[Zone Books; 2010]

by Michael Schapira

You show me a 50-foot fence and I’ll show you
a 51-foot ladder at the border.
-Janet Napolitano

One of the important lessons that a reader will take away from Walled States, Waning Sovereignty, of which there are many, is that if you want to write an interesting piece of social and political analysis, pick a topic riddled with contradictions that happens to reside in plain sight. Wendy Brown, a professor of Political Science and Critical Theory at UC Berkeley, chooses to focus on the increasingly familiar phenomenon of erecting physical barriers – both at the edges of sovereign territories and within – in an age of globalization that in its most utopian moments promises to make such barriers obsolete.  Noting the variety of people, goods, and information that these walls are meant to keep out, Brown isolates three key paradoxes that walling projects share:

1) An announcement of the arrival of a world without borders (the dreams of cosmopolitans, neoliberals, and humanitarians) occurs simultaneously with popular support for wall construction at national boundaries.

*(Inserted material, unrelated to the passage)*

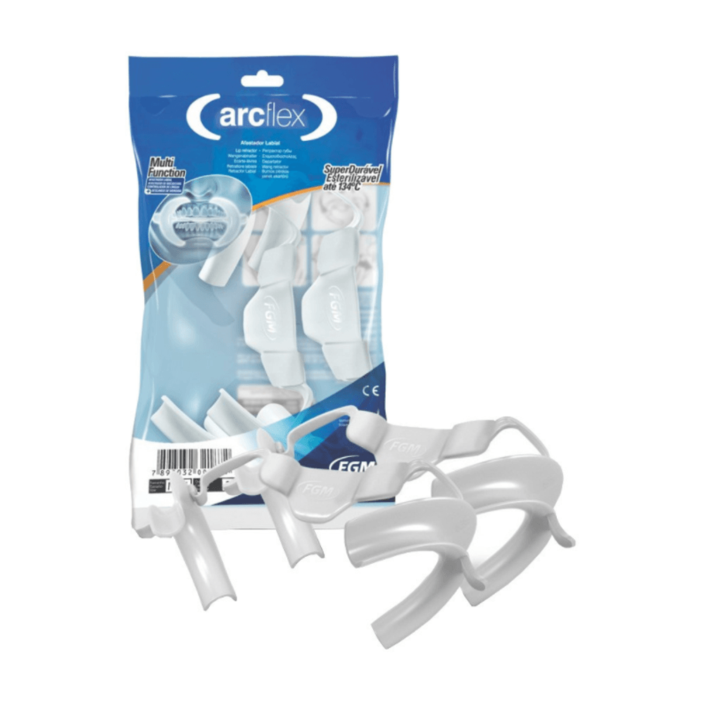 O Afastador Arcflex é utilizado para o afastamento dos lábios, bochechas, controle de língua e descanso da mordida, de forma confortável para o paciente. Indicado para auxiliar profissionais de diversas áreas da Odontologia.

2) The triumphalist rhetoric proclaiming liberal democracy as the only legitimate political form is accompanied by increasingly sophisticated technologies of exclusions and stratification, which become concretized in walling projects.

3) An age of networked, virtual, and biological power is met by the “stark physicalism” of walls, which along with the integrity of the nation state is the very thing which such power renders ineffective.

Brown is able to unite these three paradoxes in the more general insight that walling projects tend to “function theatrically, projecting power and efficaciousness that they do not and cannot actually exercise and that they performatively contradict.” It is difficult to resist the temptation to extend this insight to the Tea Party rhetoric that Republicans rode into their recent takeover of the House. In fact, one of the more fascinating critical flourishes of Walled States is an analysis of the types of speech that walling projects generate, including a poem by a Minuteman (a quasi vigilante group “patrolling” the US-Mexico border) entitled “An Open Border.” Of the poem, which concludes with the lines “If you keep us safe in the war on terror/An open border is a fatal error,” Brown writes:

“It is easy to deride or dismiss as reactionary ignorance of [the author’s] metonymic chains of terrorism, smuggling, drugs, rape and robbery, and illegal immigrants on the one side, and solidity, strength, height, Christian prayer, service, safety, and children righteously sacrificed in wars of freedom, on the other.  Such metonymies, however, both reveal the anxieties generated by declining state sovereignty and discursively resurrect myths of viable state sovereignty.”

Ultimately it is this generosity towards the subjects of Brown’s analysis that make this book a valuable contribution to the difficult project of understanding the globalized, networked society which we inhabit. It is easy enough to deride instances of political gladhanding like that of candidate John McCain saying, “I think the fence is least effective.  But I’ll build the goddammned fence if they want it.”  However, this leaves the difficult work of actually investigating both the causes of the desire for wall building and to what extent this desire is being mobilized for a host of political and ideological projects (one of Brown’s stronger theses is that walls indicate that “key characteristics of sovereignty are migrating from the nation-state to the unrelieved domination of capital and God-sanctioned political violence”). Given today’s political climate and the paucity of insight and reporting coming from mainstream media outlets, works like Walled States, Waning Sovereignty should be commended for actually doing this difficult investigative work.